# About the sysctl.conf



## Luca79 (Jul 20, 2015)

Hello,

I'm new here.
I trying to install FreeBSD i386 on a old machine. After I have done on VirtualBox.

When I try to install the nVidia-304 I have an error. I should increase the kern.ipc.shmall value.
So with a editor I open the /etc/sysctl.conf but there are only comments. Basically empty.
The same in the VirtualBox.

I read the manual about the /etc/sysctl.conf, but seem it should be compiled automatically?
Or I get it wrong?

Thanks


----------



## SirDice (Jul 20, 2015)

The file is mostly empty by default.

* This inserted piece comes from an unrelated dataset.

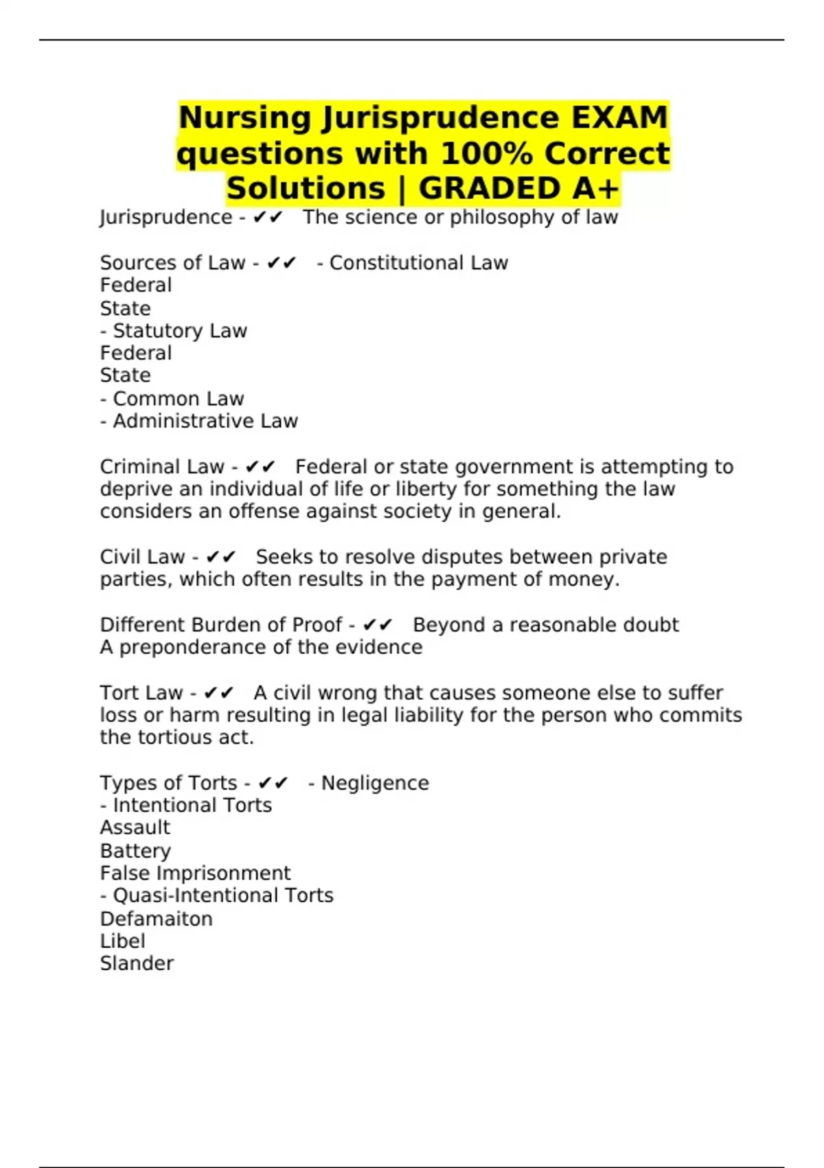 Nursing Jurisprudence EXAM questions with 100% Correct Solutions | GRADED A+

Just add what you need and `service sysctl restart`.


----------



## freethread (Jul 20, 2015)

Some sysctl variables must be set in /boot/loader.conf and if I'm right, kern.ipc.shmall is one of them.


----------



## tobik@ (Jul 20, 2015)

freethread said:


> f I'm right, kern.ipc.shmall is one of them.


No, kern.ipc.shmall can be set with `sysctl` after boot.


----------



## freethread (Jul 20, 2015)

Ah, ok, then I'm wrong. I remember some kern.ipc.shmXXX go in /boot/loader.conf and others in /etc/sysctl.conf I only have one machine that use them with KDE (as guest in VirtualBox). I set them this way

In /boot/loader.conf

```
kern.ipc.shmmni=1024
kern.ipc.shmseg=1024
```

In /etc/sysctl.conf

```
kern.ipc.shm_allow_removed=1
kern.ipc.shmmax=67108864
kern.ipc.shmall=32768
kern.ipc.somaxconn=1024
```

sorry for my previous reply.


----------



## SirDice (Jul 21, 2015)

Not sure which ones, I don't know them from the top of my head. But you are correct, some values have to be set in /boot/loader.conf so they're loaded before the kernel starts (and cannot be changed once the kernel is loaded). Most can be set, on-the-fly, through /etc/sysctl.conf for example.


----------



## tobik@ (Jul 21, 2015)

You can get a list of loader settable sysctls with e.g. `sysctl -dT kern.ipc` and a list of all runtime settable sysctls with `sysctl -dW kern.ipc`.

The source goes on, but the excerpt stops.